Records drawn from a dataset:
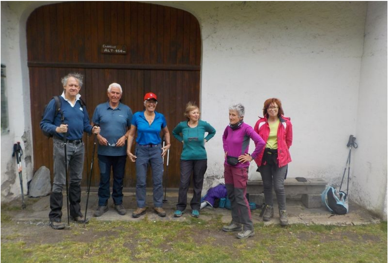
Après le repas, cela va descendre. Là encore, sur un chemin très bien tracé.
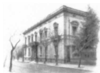
Fondazione Antonio Segni

Sassari 22 giugno 2018: 18,00 Fondazione di Sardegna via C. Alberto 7
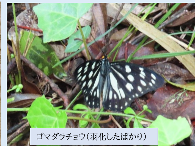
ゴマダラチョウ(羽化したばかり)
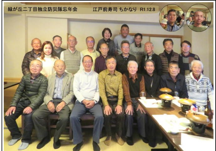
定例会兼忘年会に参加した隊員の皆さん
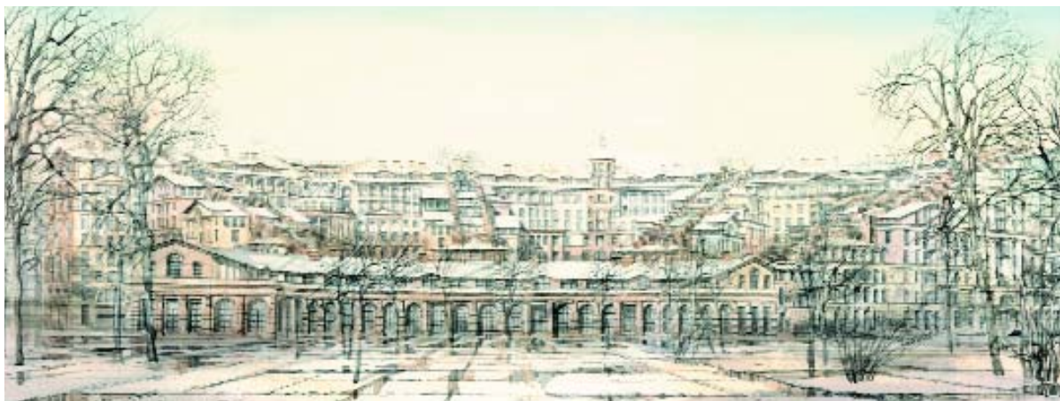
Проектное предложение «Итальянский квартал» до реконцепции. Проектировщик - мастерская М.Филиппова.
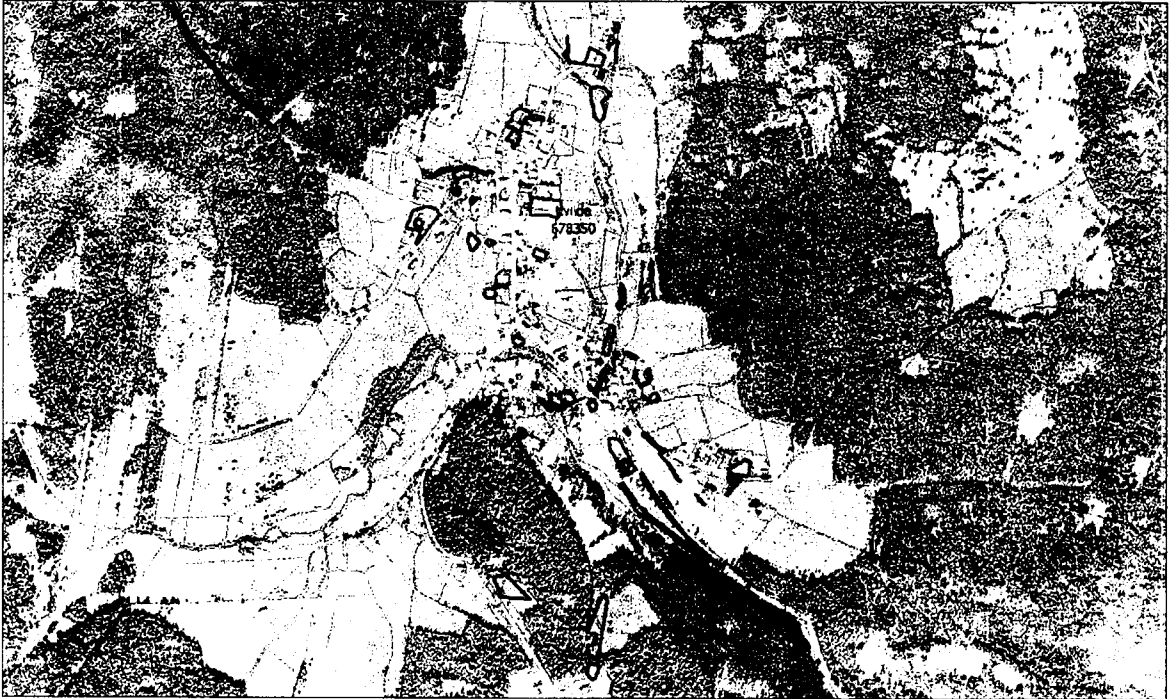
Kvilda-obec likvidace lupiny mnoholiste k.ú. Kvilda
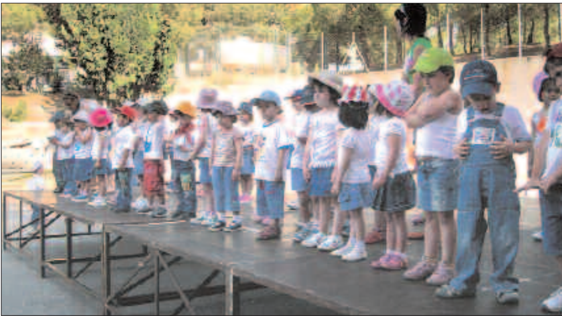
En el Pla y Beltrán de Ibi los niños bailaron y actuaron para sus compañeros y padres
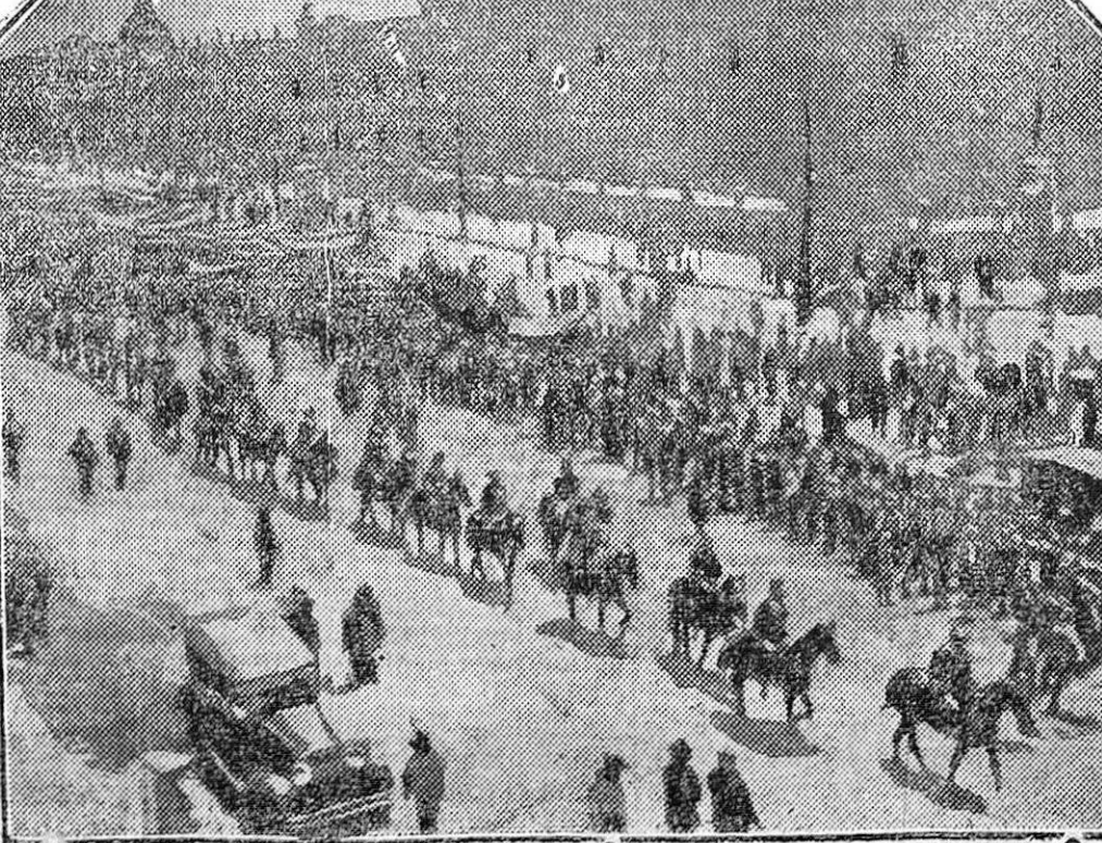
Una de las primeras fotografías del conflicto llegadas a Europa.

Los obreros mejicanos recorren en manifestación las calles de la capital de Méjico, en prueba de adhesión a la política anticlerical de Calles
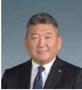
第1副地区ガバナー
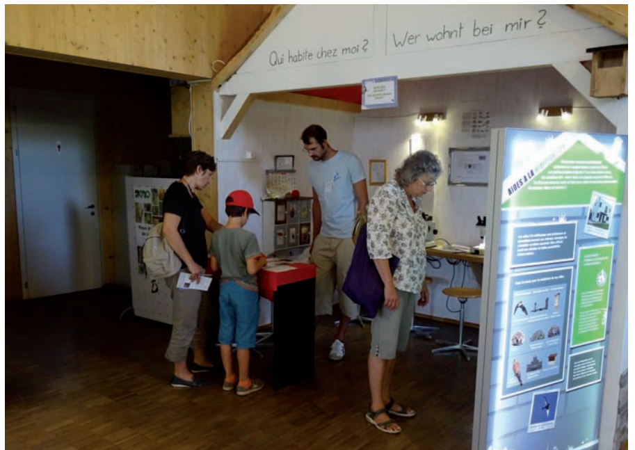
La nouvelle exposition «La nature près de chez soi».

Le centre-nature BirdLife de La Sauge a ouvert le 8 mars avec une nouvelle exposition interactive « la nature près de chez soi ». Réalisée dans le cadre
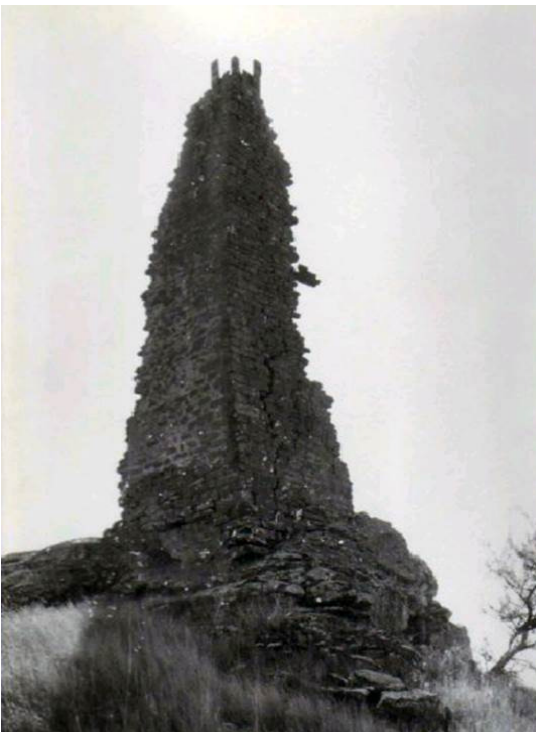
Restos de la Torre Aguilar, quizás hacia los años 60 del s. XX, autor desconocido
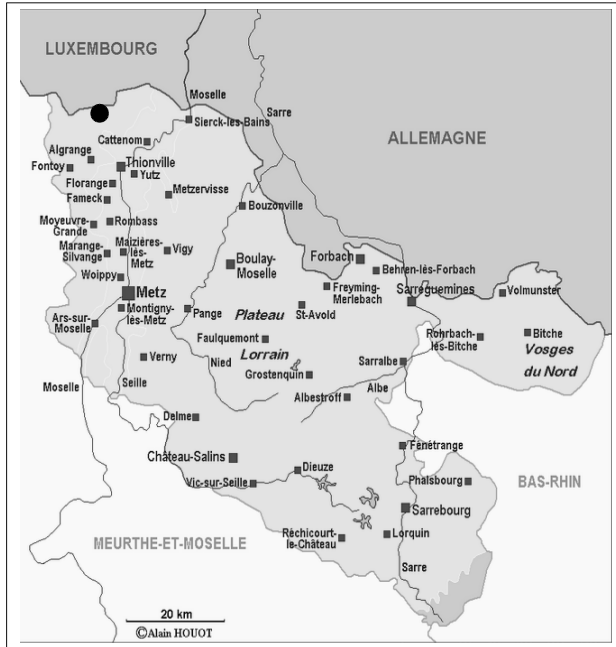
Carte 1 : Le département de la Moselle
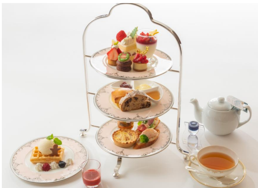
季節のスイーツにこだわったアフタヌーンティーセット(1名様分)

心も体もリフレッシュできる優雅なご褒美ステイで、素敵な自分時間をお過ごしください。
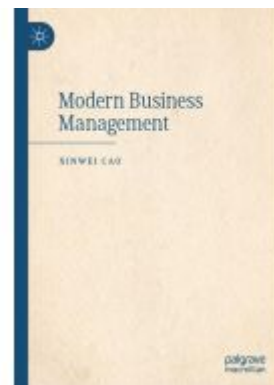
Modern Business Management Ladenpreis: 131,99EUR
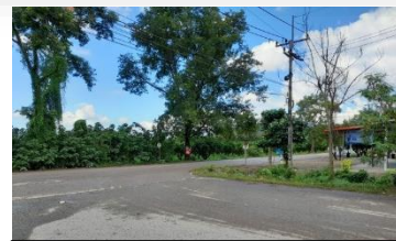
ทางหลวงหมายเลข 1115
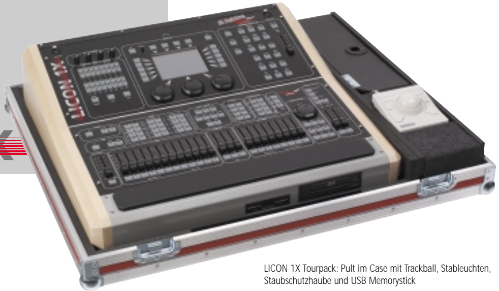
LICON 1X Tourpack: Pult im Case mit Trackball, Stablichtern, Staubschutzhaube und USB Memorystick
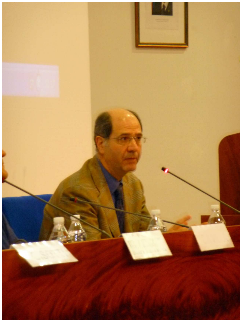
S. Boato, D.T. ARPAV
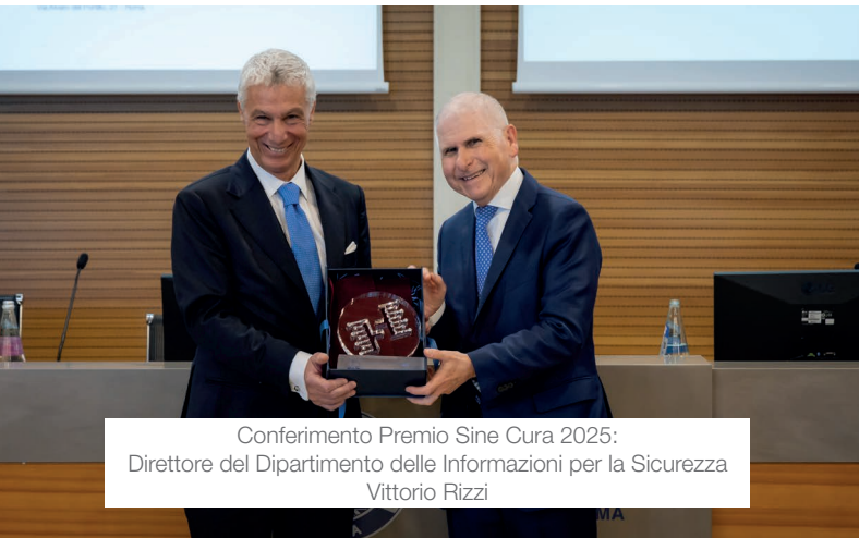
Conferimento Premio Sine Cura 2025: Direttore del Dipartimento delle Informazioni per la Sicurezza Vittorio Rizzi

◆ Your objective
Output each record verbatim, but skip anything that is a picture.

◆ Completed exercise
Après le repas, cela va descendre. Là encore, sur un chemin très bien tracé.
Fondazione Antonio Segni

Sassari 22 giugno 2018: 18,00 Fondazione di Sardegna via C. Alberto 7
ゴマダラチョウ(羽化したばかり)
定例会兼忘年会に参加した隊員の皆さん
Проектное предложение «Итальянский квартал» до реконцепции. Проектировщик - мастерская М.Филиппова.
Kvilda-obec likvidace lupiny mnoholiste k.ú. Kvilda
En el Pla y Beltrán de Ibi los niños bailaron y actuaron para sus compañeros y padres
Una de las primeras fotografías del conflicto llegadas a Europa.

Los obreros mejicanos recorren en manifestación las calles de la capital de Méjico, en prueba de adhesión a la política anticlerical de Calles
第1副地区ガバナー
La nouvelle exposition «La nature près de chez soi».

Le centre-nature BirdLife de La Sauge a ouvert le 8 mars avec une nouvelle exposition interactive « la nature près de chez soi ». Réalisée dans le cadre
Restos de la Torre Aguilar, quizás hacia los años 60 del s. XX, autor desconocido
Carte 1 : Le département de la Moselle
季節のスイーツにこだわったアフタヌーンティーセット(1名様分)

心も体もリフレッシュできる優雅なご褒美ステイで、素敵な自分時間をお過ごしください。
Modern Business Management Ladenpreis: 131,99EUR
ทางหลวงหมายเลข 1115
LICON 1X Tourpack: Pult im Case mit Trackball, Stablichtern, Staubschutzhaube und USB Memorystick
S. Boato, D.T. ARPAV
Conferimento Premio Sine Cura 2025: Direttore del Dipartimento delle Informazioni per la Sicurezza Vittorio Rizzi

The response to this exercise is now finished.